§ Work request:
If a line below falls between the line with "This is a PRINT" and the line with "連云港市運國環保設備有限公司", or is one of those two, output it exactly; output nothing else and no pictures.

Top of Material supplied

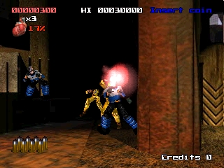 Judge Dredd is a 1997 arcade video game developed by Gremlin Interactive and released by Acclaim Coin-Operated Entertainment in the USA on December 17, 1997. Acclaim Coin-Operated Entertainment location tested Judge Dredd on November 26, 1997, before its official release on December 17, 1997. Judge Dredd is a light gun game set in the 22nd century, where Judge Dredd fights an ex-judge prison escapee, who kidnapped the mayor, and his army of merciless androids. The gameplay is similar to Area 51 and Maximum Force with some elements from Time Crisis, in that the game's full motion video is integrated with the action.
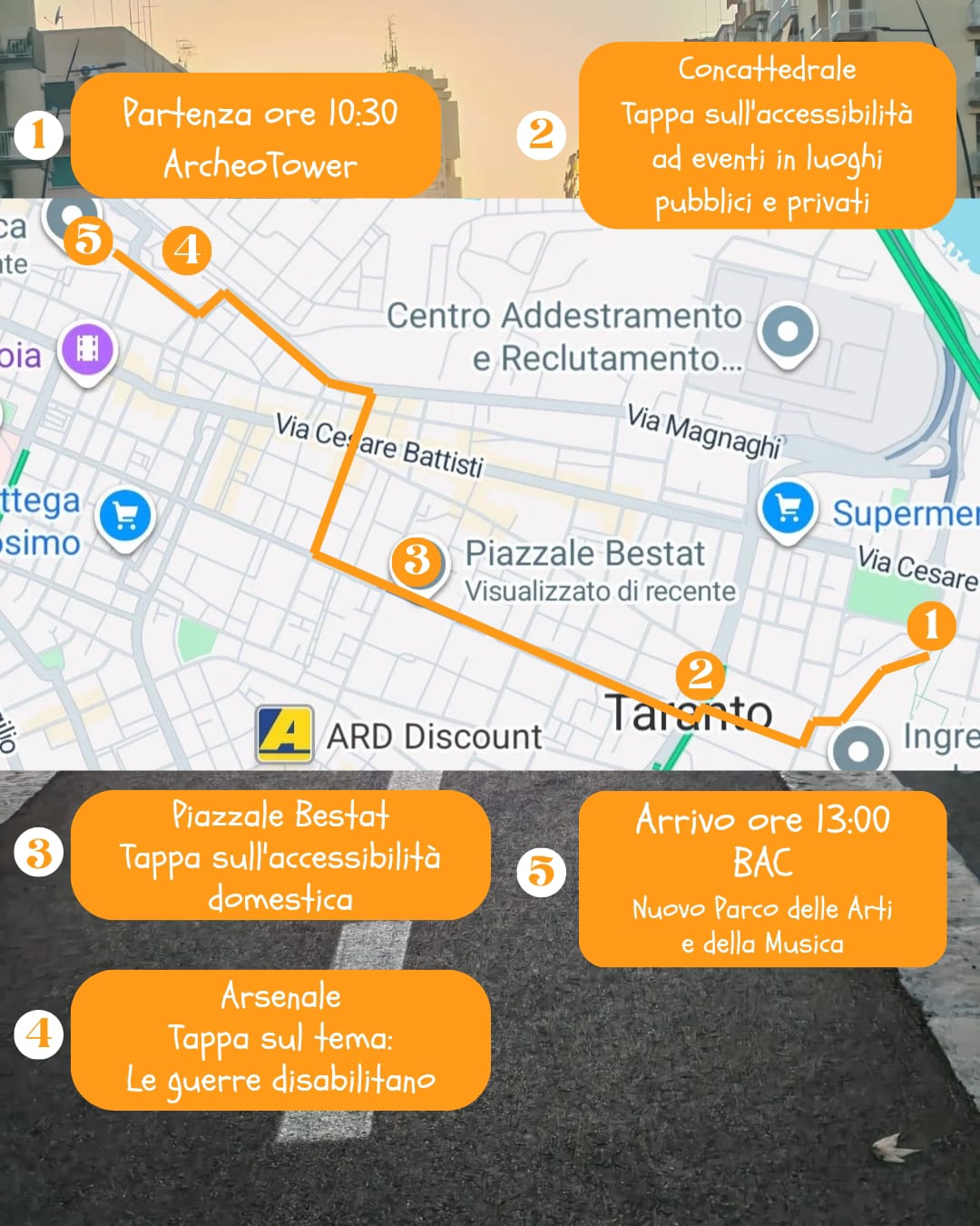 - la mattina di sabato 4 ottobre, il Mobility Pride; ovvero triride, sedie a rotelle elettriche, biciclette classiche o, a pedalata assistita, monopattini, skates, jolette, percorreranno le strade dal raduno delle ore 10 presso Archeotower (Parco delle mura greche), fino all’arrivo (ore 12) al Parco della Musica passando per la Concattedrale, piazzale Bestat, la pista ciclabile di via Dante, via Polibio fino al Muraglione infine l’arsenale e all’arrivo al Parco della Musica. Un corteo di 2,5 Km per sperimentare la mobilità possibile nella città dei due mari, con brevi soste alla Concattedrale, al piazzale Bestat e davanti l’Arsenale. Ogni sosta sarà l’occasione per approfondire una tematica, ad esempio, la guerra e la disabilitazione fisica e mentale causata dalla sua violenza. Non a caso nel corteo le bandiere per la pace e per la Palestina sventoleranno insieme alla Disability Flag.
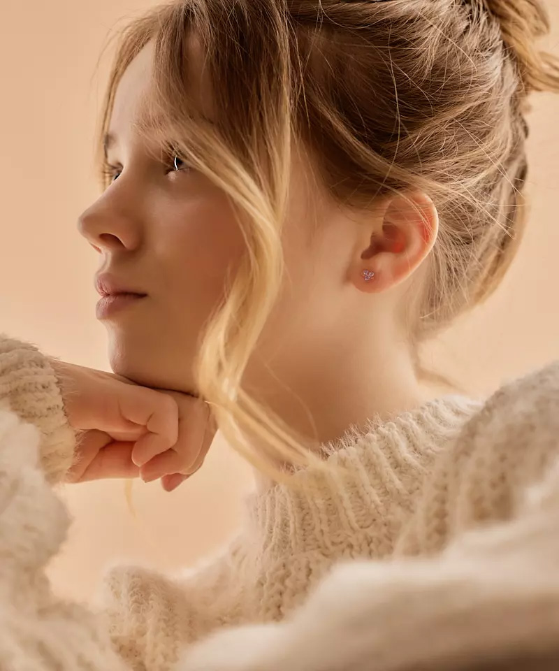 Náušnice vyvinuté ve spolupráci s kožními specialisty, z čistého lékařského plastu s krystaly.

Bottom of Material supplied
Top of Material supplied

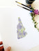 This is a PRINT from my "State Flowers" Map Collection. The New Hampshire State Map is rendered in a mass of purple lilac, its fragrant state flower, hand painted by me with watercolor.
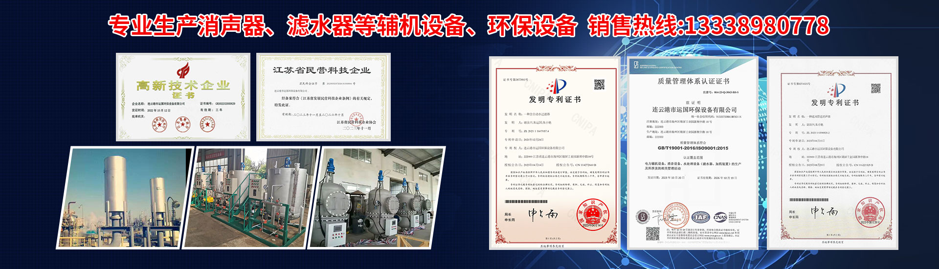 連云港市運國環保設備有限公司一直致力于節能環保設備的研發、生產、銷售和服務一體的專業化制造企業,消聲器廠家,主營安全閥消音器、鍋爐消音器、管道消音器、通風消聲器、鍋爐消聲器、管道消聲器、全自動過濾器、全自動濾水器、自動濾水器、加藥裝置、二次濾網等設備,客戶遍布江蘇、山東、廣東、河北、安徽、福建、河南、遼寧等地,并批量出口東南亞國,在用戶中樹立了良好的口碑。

Bottom of Material supplied

§ Exercise answer:
 This is a PRINT from my "State Flowers" Map Collection. The New Hampshire State Map is rendered in a mass of purple lilac, its fragrant state flower, hand painted by me with watercolor.
 連云港市運國環保設備有限公司一直致力于節能環保設備的研發、生產、銷售和服務一體的專業化制造企業,消聲器廠家,主營安全閥消音器、鍋爐消音器、管道消音器、通風消聲器、鍋爐消聲器、管道消聲器、全自動過濾器、全自動濾水器、自動濾水器、加藥裝置、二次濾網等設備,客戶遍布江蘇、山東、廣東、河北、安徽、福建、河南、遼寧等地,并批量出口東南亞國,在用戶中樹立了良好的口碑。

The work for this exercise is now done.